__WORK ITEM__. The copy should hold exactly the lines below from the one that contains "Alejandro Munoz, un" through the one that contains "I gĺr var det" and nothing else, so no pictures.

__EXTRACTED DATA__.

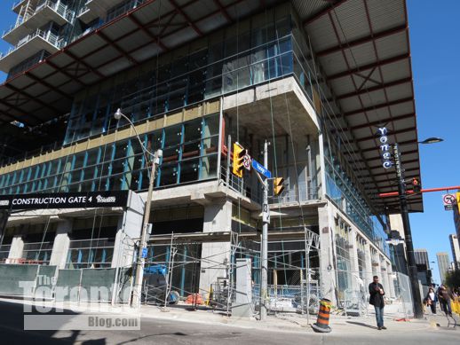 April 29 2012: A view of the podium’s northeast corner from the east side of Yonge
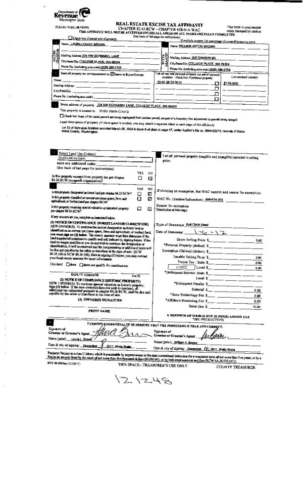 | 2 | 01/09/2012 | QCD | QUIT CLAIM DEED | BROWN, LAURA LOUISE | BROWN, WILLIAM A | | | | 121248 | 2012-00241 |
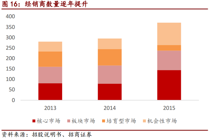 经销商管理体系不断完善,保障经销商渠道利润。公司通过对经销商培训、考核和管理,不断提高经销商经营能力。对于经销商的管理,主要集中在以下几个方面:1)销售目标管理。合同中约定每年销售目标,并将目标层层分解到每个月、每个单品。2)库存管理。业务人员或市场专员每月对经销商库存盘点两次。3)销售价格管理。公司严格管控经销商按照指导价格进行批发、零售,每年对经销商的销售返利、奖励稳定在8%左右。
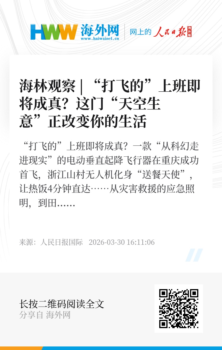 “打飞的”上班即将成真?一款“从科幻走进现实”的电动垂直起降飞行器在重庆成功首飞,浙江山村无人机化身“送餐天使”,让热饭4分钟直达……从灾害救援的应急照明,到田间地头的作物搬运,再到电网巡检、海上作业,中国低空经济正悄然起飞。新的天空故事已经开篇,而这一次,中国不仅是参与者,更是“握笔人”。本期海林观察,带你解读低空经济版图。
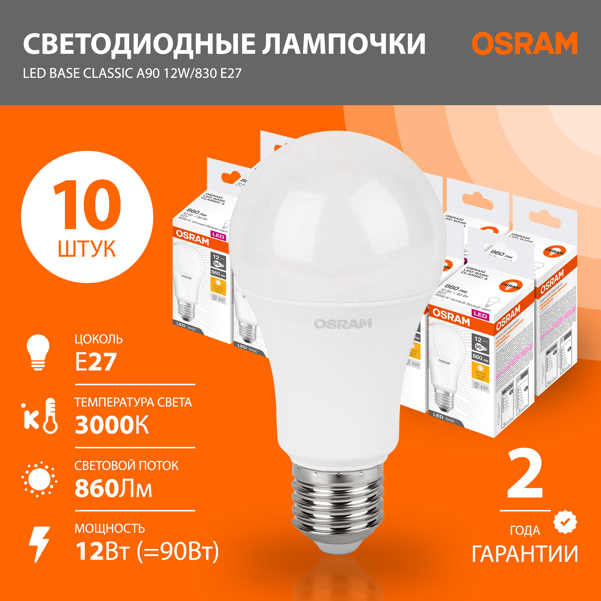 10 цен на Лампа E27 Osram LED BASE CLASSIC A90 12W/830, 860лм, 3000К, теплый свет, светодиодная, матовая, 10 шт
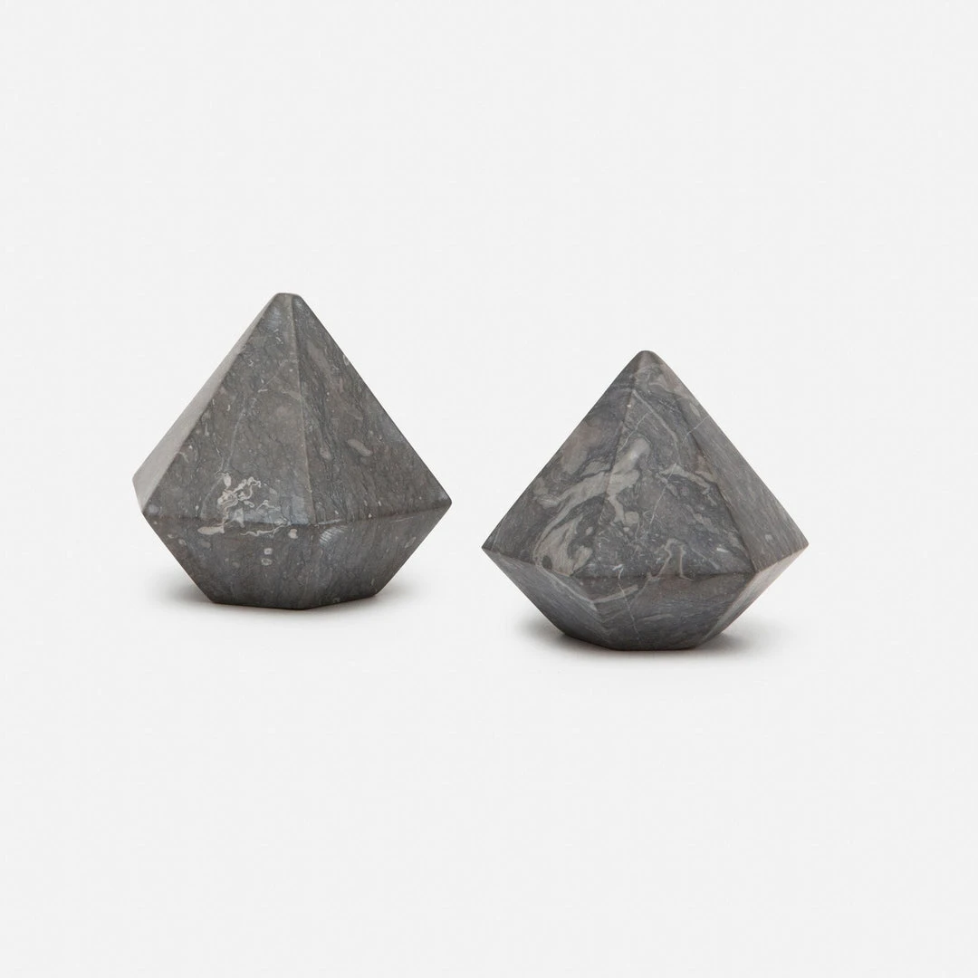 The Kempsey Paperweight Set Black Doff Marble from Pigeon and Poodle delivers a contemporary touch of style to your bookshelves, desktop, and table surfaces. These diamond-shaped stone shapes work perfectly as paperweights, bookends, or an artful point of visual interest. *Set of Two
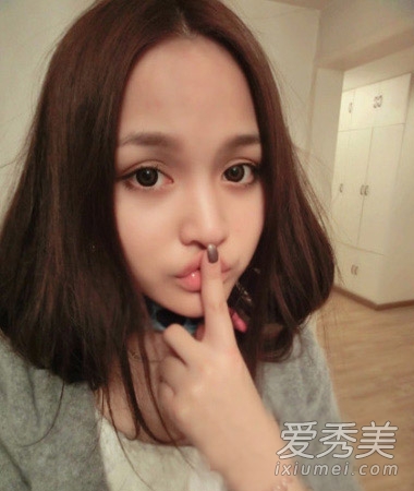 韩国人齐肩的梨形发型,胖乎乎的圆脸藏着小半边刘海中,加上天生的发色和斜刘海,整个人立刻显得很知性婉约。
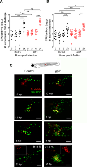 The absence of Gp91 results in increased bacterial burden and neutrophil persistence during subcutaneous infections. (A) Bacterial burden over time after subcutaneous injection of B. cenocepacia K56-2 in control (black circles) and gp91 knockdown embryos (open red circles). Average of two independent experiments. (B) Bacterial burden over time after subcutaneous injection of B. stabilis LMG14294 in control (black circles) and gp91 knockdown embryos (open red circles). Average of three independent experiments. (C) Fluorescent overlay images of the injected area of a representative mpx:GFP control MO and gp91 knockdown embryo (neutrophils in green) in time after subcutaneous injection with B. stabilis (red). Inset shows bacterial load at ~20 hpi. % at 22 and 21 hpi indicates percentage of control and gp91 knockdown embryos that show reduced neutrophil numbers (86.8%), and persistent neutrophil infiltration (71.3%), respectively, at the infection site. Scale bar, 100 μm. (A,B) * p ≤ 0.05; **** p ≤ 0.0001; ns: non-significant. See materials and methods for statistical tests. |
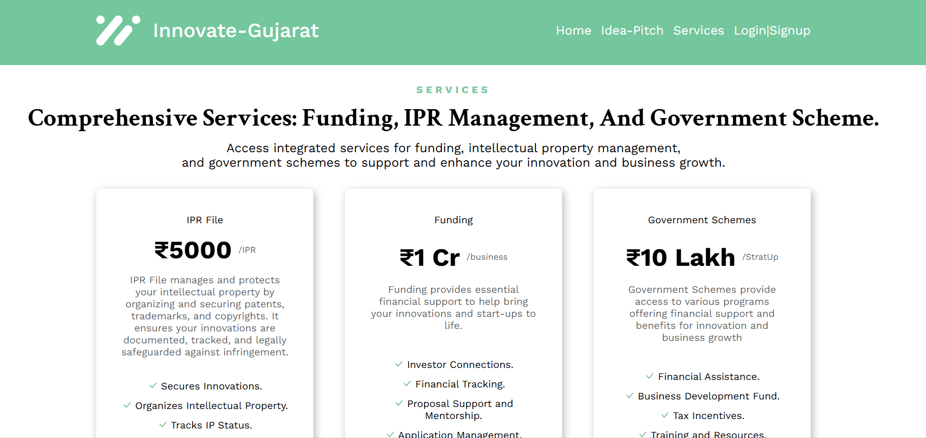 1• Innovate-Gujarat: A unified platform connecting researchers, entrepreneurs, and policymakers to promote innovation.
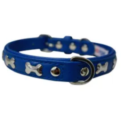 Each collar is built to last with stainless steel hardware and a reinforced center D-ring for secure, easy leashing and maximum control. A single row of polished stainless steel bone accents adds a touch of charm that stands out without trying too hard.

--

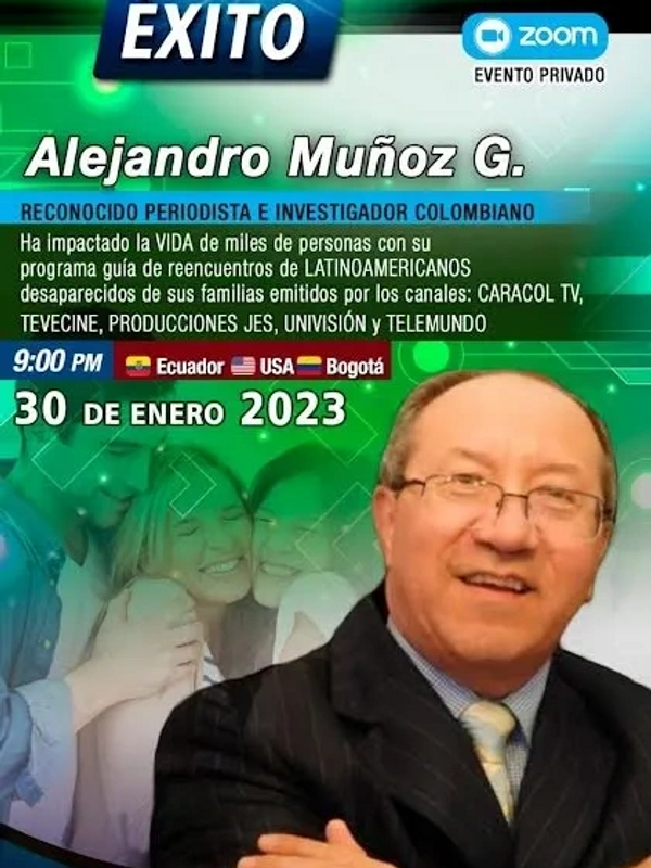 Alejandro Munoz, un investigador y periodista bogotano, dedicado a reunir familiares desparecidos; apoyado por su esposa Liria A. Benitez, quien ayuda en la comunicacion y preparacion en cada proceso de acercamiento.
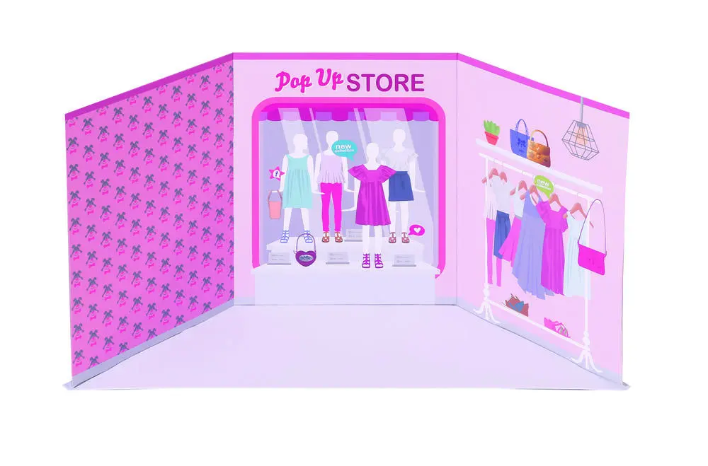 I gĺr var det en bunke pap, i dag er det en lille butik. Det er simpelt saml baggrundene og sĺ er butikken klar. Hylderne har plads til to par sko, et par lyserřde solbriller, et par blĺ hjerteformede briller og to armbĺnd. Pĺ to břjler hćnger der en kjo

==

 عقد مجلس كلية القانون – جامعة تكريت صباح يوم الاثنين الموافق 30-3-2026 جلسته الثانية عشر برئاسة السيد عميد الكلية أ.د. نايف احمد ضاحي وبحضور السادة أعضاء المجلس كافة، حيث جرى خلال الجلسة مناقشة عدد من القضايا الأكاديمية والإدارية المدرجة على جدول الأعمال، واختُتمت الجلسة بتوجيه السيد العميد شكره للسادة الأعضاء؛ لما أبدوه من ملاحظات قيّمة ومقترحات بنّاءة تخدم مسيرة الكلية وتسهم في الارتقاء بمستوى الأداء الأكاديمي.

__TASK OUTPUT__.
 Alejandro Munoz, un investigador y periodista bogotano, dedicado a reunir familiares desparecidos; apoyado por su esposa Liria A. Benitez, quien ayuda en la comunicacion y preparacion en cada proceso de acercamiento.
 I gĺr var det en bunke pap, i dag er det en lille butik. Det er simpelt saml baggrundene og sĺ er butikken klar. Hylderne har plads til to par sko, et par lyserřde solbriller, et par blĺ hjerteformede briller og to armbĺnd. Pĺ to břjler hćnger der en kjo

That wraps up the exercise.